Leur cabinet se situe au sein de la maison familiale. Les deux partagent un bureau. L’ARS a refusé de leur octroyer une aide à l’installation car leur zone est une zone d’intervention complémentaire et pas prioritaire. On a conseillé au fils, Corentin G., de s’installer à 5 kilomètres. Mais lui pense que « c’est dangereux pour les patients de mettre des jeunes médecins seuls au milieu de nulle part ».
Des couches au stéthoscope
Ce dernier raconte avoir été bercé par les histoires de médecin de son père : « les tumeurs abominables, les plaies qui sentent très forts… » Et il se rappelle également l’immense respect qu’imposait son père auprès de sa patientèle, dont il s’occupe à son tour aujourd’hui. « Je suis médecin de famille, certains de mes patients m’ont donc vu grandir ! ». Des couches au stéthoscope, s’amuse-t-il.

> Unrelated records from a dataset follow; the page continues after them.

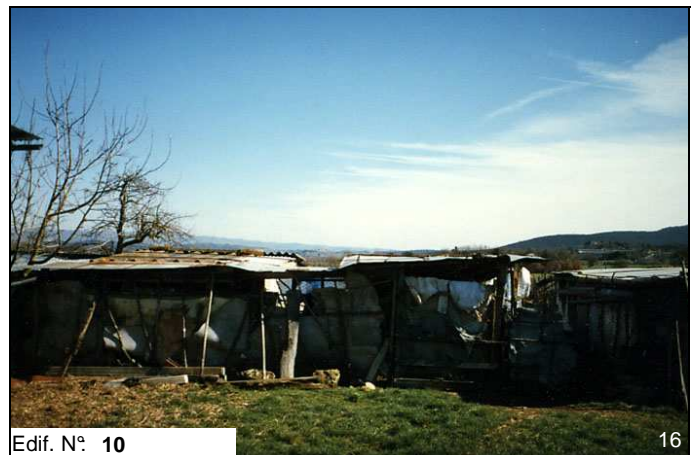
Edif. N° 10
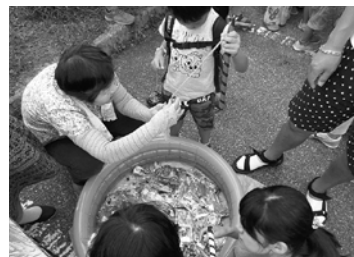
何がつれるかな?おもちゃ釣り

他にも毎年恒例のミニS Lの運行や花火大会などもあったり、金曜日の夜に開催されている
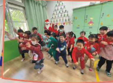
以歌聲、舞蹈和交換 禮物的活動，學習聖 誕公公快樂分享「 愛」
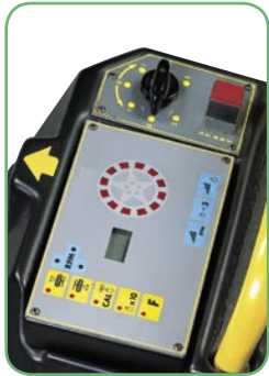
Tablero de mandos integrado con visor digital y teclado

Para facilitar el lanzamiento rueda, el motor de dos velocidades dispone de una junta hidráulica que permite efectuar el lanzamiento gradual sin dañar el costado del neumático.
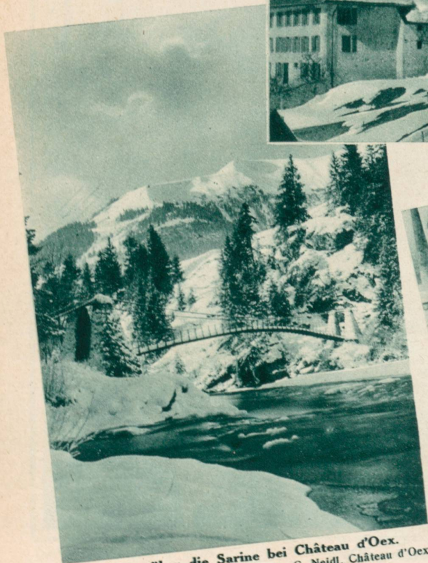
Brücke über die Sarine bei Château d'Oex.
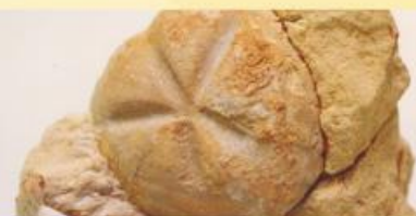
Zee-egel uit de fossielencollectie

bouwsteen in de bovenzaal en kijk naar een interessante film. In het museum is ook altijd plaats voor het verleden van deze regio. Een thema-expositie over een belangrijke historische gebeurtenis
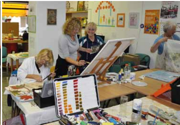
Da lahko razstavljajo, morajo slikarke kar intenzivno slikati

Začetek leta je obdobje, ko v društvih pokramljamo o delu v preteklem letu in nabiramo ideje za nadaljnje delo. In kaj smo počeli v Društvu za kulturo, turizem in razvoj Renče v lanskem letu?
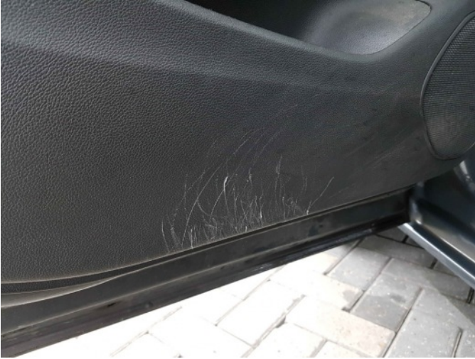
4. Deurbekleding links voor
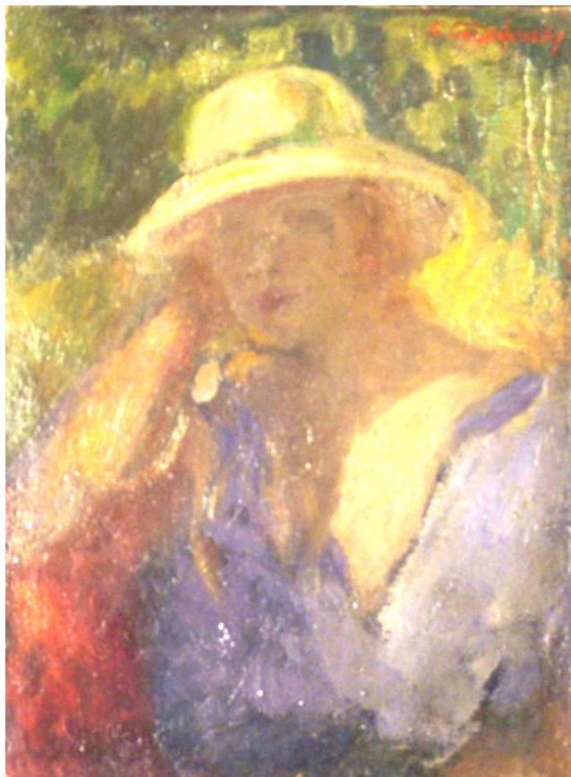
9. “Портрет на жена с шапка”, м. б., платно, 34,5/26. Частно притежание.
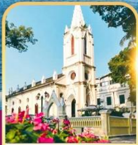
เกาซาเมี่ยน
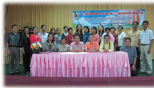
การอบรมเชิงปฏิบัติการการวิจัยชั้นเรียนในระดับอุดมศึกษา
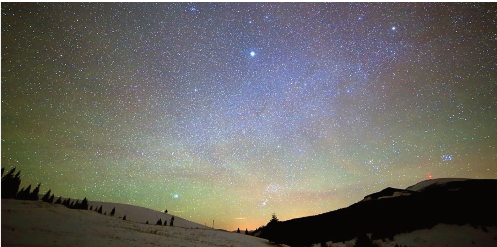
Prírodné žiarenie atmosféry (airglow) v sedle Besník pri Telgárte 14.12.2013.

Y a-t-il des différences dans leurs exercices respectifs ? Le père répond. « Mon fils est plus porté sur la télémédecine et plus rigoureux par rapport à ses horaires. Il sait dire non. » Sur le plan médical, les deux médecins « voient les choses de la même façon » et travaillent avec un logiciel commun, où ils ont créé des prescriptions standards et des traitements types, mais adaptables, évidemment, précise le père, visiblement heureux de travailler avec le fils. « C’est génial de travailler ensemble. J’ai tellement œuvré pour ce cabinet, dont j’ai vissé la plaque, que je trouvais dommage que mes enfants n’en profitent pas et recommencent à zéro. » Le fils est aussi content d’avoir pu apprendre aux côtés de son père. « Il m’a aidé sur l’exercice clinique, notamment pour savoir comment examiner un genou… Les choses qu’on apprend à la faculté mais que les médecins pratiquent différemment. »
Pour autant, sur certains sujets, comme la prescription, Corentin G. avait des a priori qui ont finalement été invalidés par empirisme. « Quand je suis arrivé en ville, j’ai pris une claque ! J’ai élargi mon champ de prescription avec des médicaments différents de l’hôpital, dont l’arsenal est très bas et restreint. Il y a aussi beaucoup de dogmes édictés par la faculté – notamment le fait de prescrire moins – donc au départ j’ai appliqué… et avec le temps, je tends à prescrire comme mon père car les patients reviennent moins souvent et on résout plus de problèmes ! »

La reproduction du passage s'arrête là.